Not sure what "invalid argument" does mean in this context.

I am not entirely sure in which way I would sensibly use tcpdump like suggested in fraenkis post to find out more about the issue. So I simply tried to tcp-dump the above ssh connection attempt using the command:

tcpdump -i vtnet1_vlan5 -vv

But this command does not capture anything related to the commands above but only some unreplied ARP requests, IP6 router advertisements and some DNS UDP packets sent by clients in the .100 subnet to the router, also without replies.

Any more ideas?

All right... I might have found the culprit.
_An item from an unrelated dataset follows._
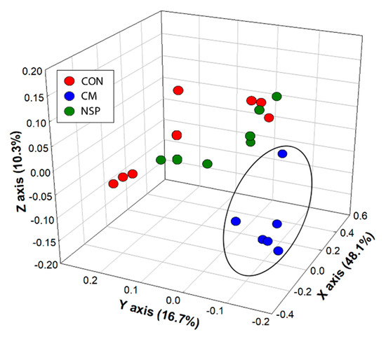 Unweighted UniFrac principal coordinate analysis of cecal communities within mini-bioreactor vessels containing the basal medium (CON), the basal medium with cold press extracted canola meal (CM), and the basal medium with non-starch polysaccharides extracted from canola meal (NSP). Replicate vessels were combined for Illumina characterization of bacterial communities. The ellipsoid illustrates clustering of bacterial communities for the CM treatment, relative to communities for the NSP and CON treatments.

I had enabled the "Enable Static ARP entries" Option in the DHCP section for this interface. Once I unticked this option, everything went back to normal.
This post here pointed me to the right direction.
https://moh10ly.wordpress.com/2015/02/14/ping-on-pfsense-gives-invalid-argument/

Of course, all devices on that subnet DO have DHCP Static Mappings registered in that section below. But somehow it looks like they seem to get lost in the reload procedure shown in the logs above.
Could that be a bug or am I getting something completely wrong here?


... and the bug got closed without any response. Duh.